## YOUR INSTRUCTIONS
Exact reproduction of all the entries is required, without any of their pictures.

(Saved entries)
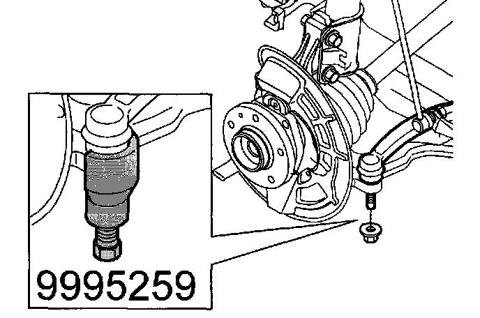 Note! Press the ball joint upwards so that the conical top is visible above the screwed joint on the stub axle.
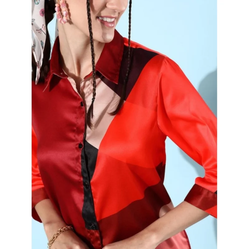 Women's Satin Colour Block Long Sleeves Co-Ord Set (Multicolor)
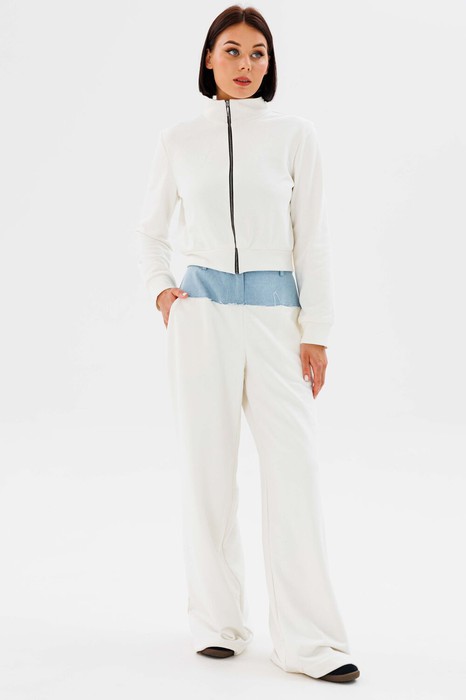 Брюки спортивные, выполнены их трикотажной ткани. пояс и верх брюк выполнн из денима, по середине передей части обработана застежка гульфик с молнией и пуговицей. Деталь из денима по низу не обработан притачныым швом, а имеет необработанный срез с эффектом вытрепанности. посадка брюк -средння по талии, в боковых швах обработаны карманы. брюки очень комфортны в носке
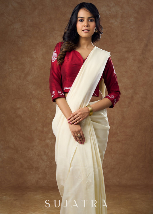 Embroidered Scalloped off White Cotton Silk Blouse - Optional Plain Saree
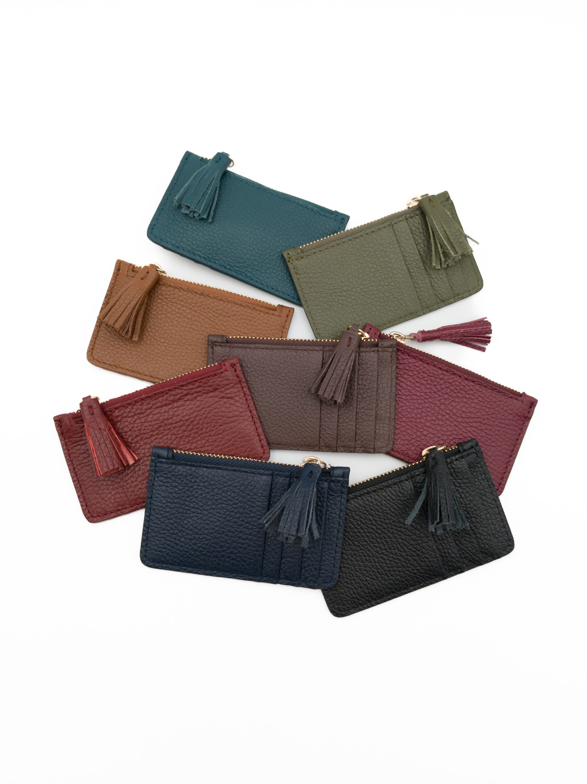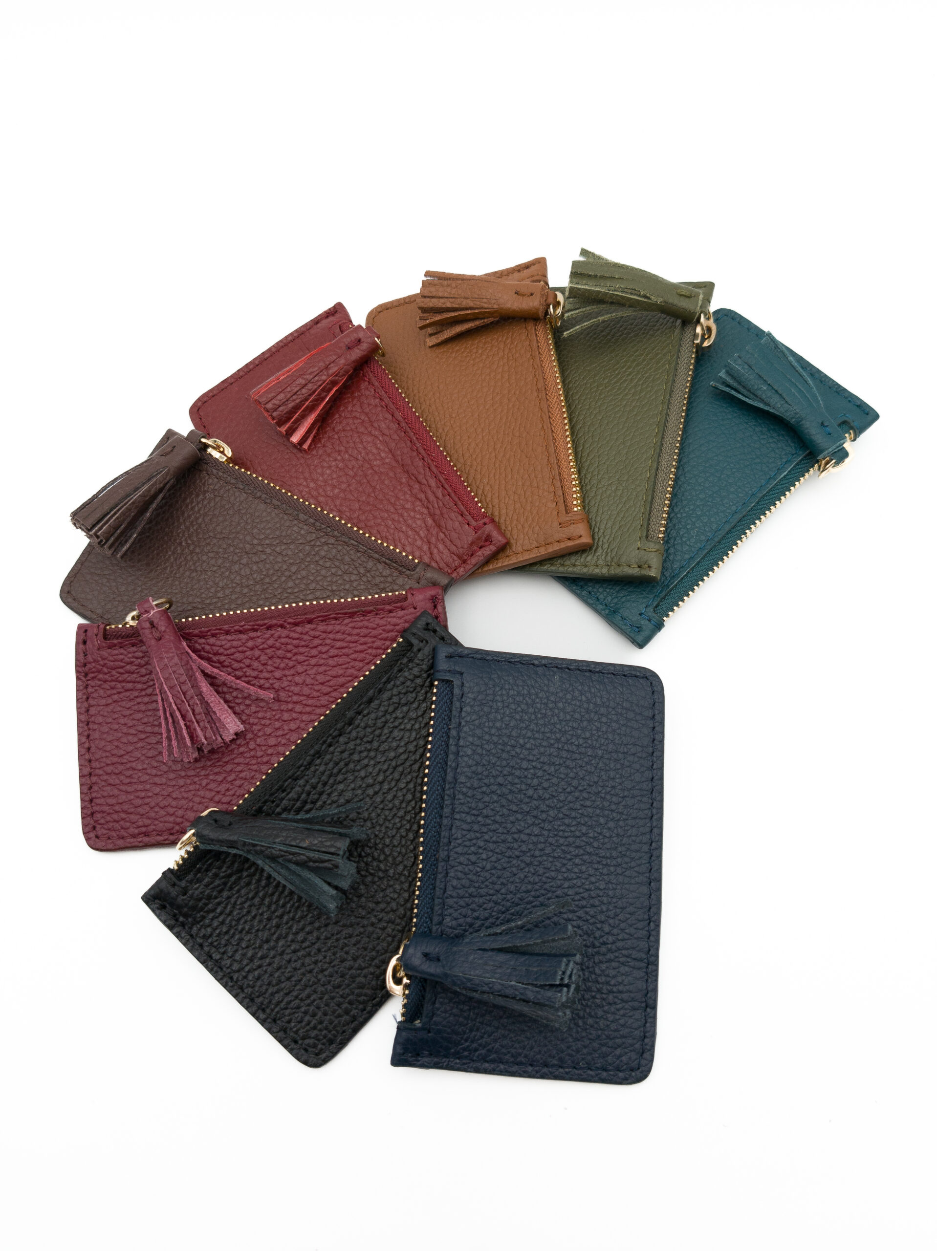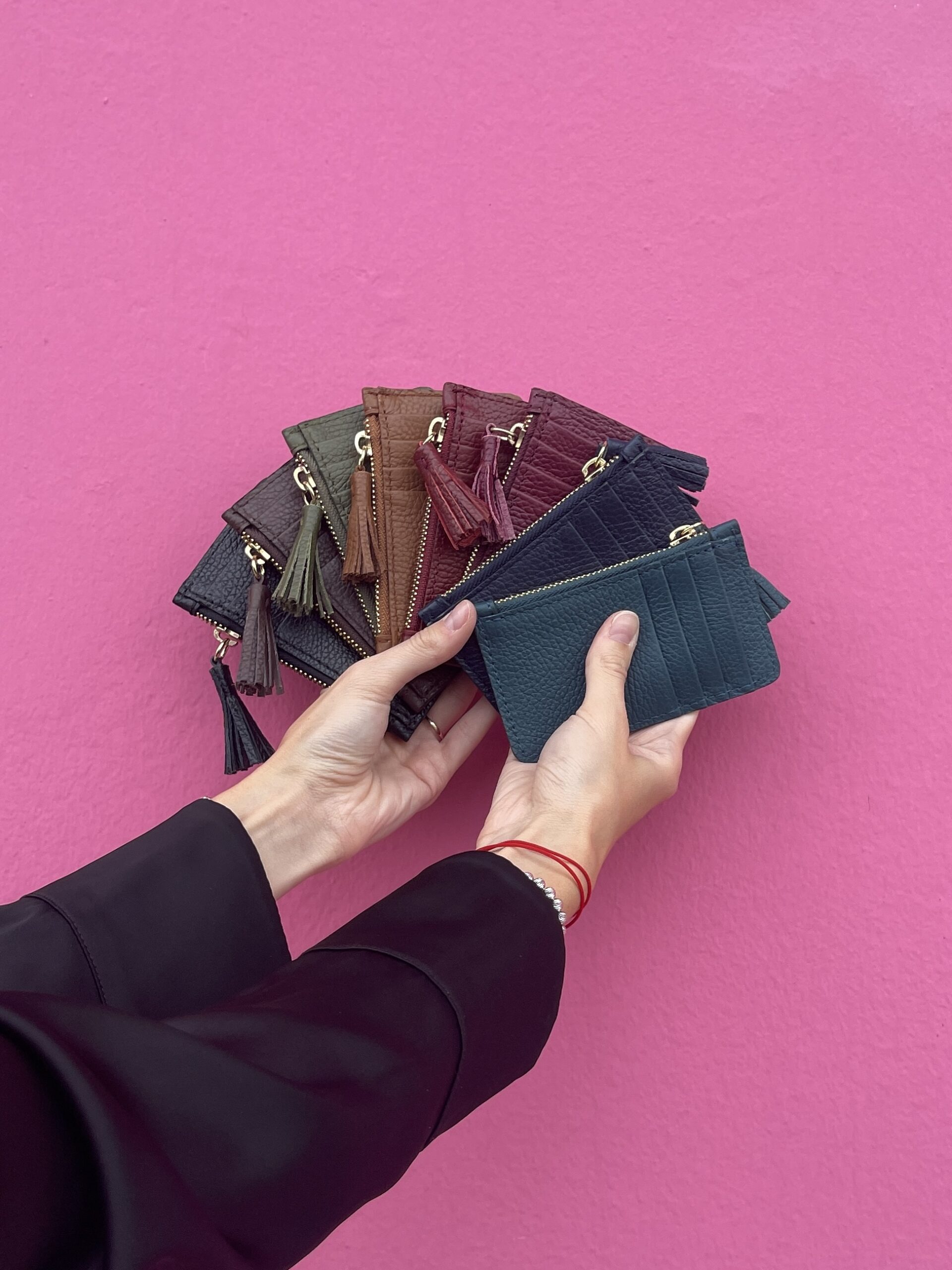 Il Portacarte è l’accessorio ideale per tenere tutto sotto controllo con stile. Realizzato in pelle martellata Made in Italy, unisce funzionalità e design in uno spazio compatto. Lo scomparto principale con chiusura a zip e nappina in pelle permette di riporre comodamente le monete, mentre le quattro tasche interne sono perfette per carte di credito e tessere. L’hardware con finitura gold completa l’accessorio con un dettaglio luminoso e ricercato, rendendolo perfetto per essere portato sempre con te.

## SOLUTION
 Note! Press the ball joint upwards so that the conical top is visible above the screwed joint on the stub axle.
 Women's Satin Colour Block Long Sleeves Co-Ord Set (Multicolor)
 Брюки спортивные, выполнены их трикотажной ткани. пояс и верх брюк выполнн из денима, по середине передей части обработана застежка гульфик с молнией и пуговицей. Деталь из денима по низу не обработан притачныым швом, а имеет необработанный срез с эффектом вытрепанности. посадка брюк -средння по талии, в боковых швах обработаны карманы. брюки очень комфортны в носке
 Embroidered Scalloped off White Cotton Silk Blouse - Optional Plain Saree
 Il Portacarte è l’accessorio ideale per tenere tutto sotto controllo con stile. Realizzato in pelle martellata Made in Italy, unisce funzionalità e design in uno spazio compatto. Lo scomparto principale con chiusura a zip e nappina in pelle permette di riporre comodamente le monete, mentre le quattro tasche interne sono perfette per carte di credito e tessere. L’hardware con finitura gold completa l’accessorio con un dettaglio luminoso e ricercato, rendendolo perfetto per essere portato sempre con te.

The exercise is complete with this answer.